In India, Kotak bank is collaborating with WazirX, one of the largest stock exchanges in the country. With the agreement, Kotak will change its policy of not allowing cryptocurrency exchanges for months and will become the first major bank in the country to open its doors to the sector.
In India, where there has been serious uncertainty about cryptocurrencies for years, but which has received hundreds of millions of dollars of investment especially by US venture capital companies in recent months, positive developments have started to show themselves slowly.
According to the news of the Economic Times of the country media, Kotak, one of the largest banks, has made an agreement with WazirX, one of the largest crypto money exchanges. So, they paved the way to offer crypto money services to their customers. The following statements were used in the news that ET based on a person with knowledge on the subject:
“WazirX has opened an account for investors trading on cryptocurrency exchanges, where deposits and withdrawals can be made in connection with Kotak bank. The account has not been activated yet. On the subject, paperwork, KYC and some trials are still going on.”

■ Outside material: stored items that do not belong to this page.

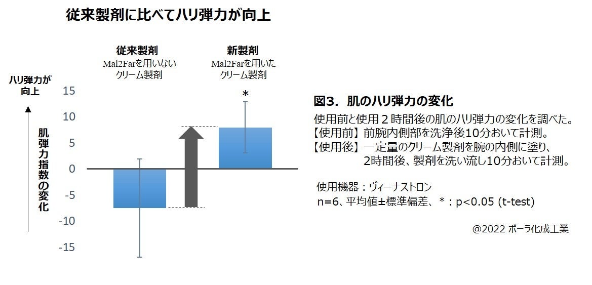 Mal2Farを用いた新製剤は、角層の細胞間脂質に作用し、ハリ油剤が浸透することで、肌のハリ弾力向上につながったと考えられます。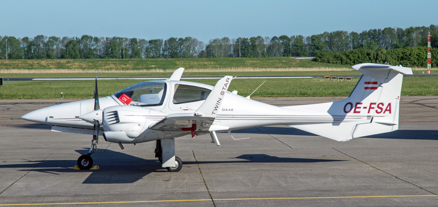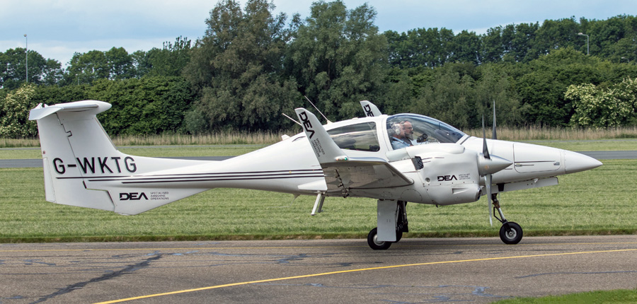 Diamond DA 42 M-NG Twin Star G-WKTG van DEA Aviation kwam even terug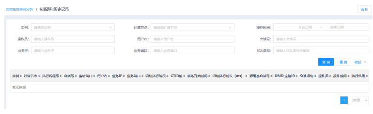 3.选择实例、相应计算节点,单击查询按钮,查询SQL统计。

As it will be remembered, last year, when the crypto uncertainty in India was even more intense, WazirX exchange closed the account is opened by making an agreement with ICICI Bank, one of the largest credit banks in the country. This move of the stock market came after the Central Bank of India, which is still negative about cryptocurrencies, made an opinion. WazirX later started offering such transactions with digital wallet and payment service company MobiKwik.
In the same period last year, banks such as HDFC Bank, Axis, and SBI also imposed restrictions on cryptocurrency transactions.
A Kotak executive contacted by ET said that he would not make any comments on the matter.
In India, in 2018, the central bank banned banks from providing services that facilitate users in cryptocurrency payments. The top court in the country, on the other hand, annulled this directive in March 2020.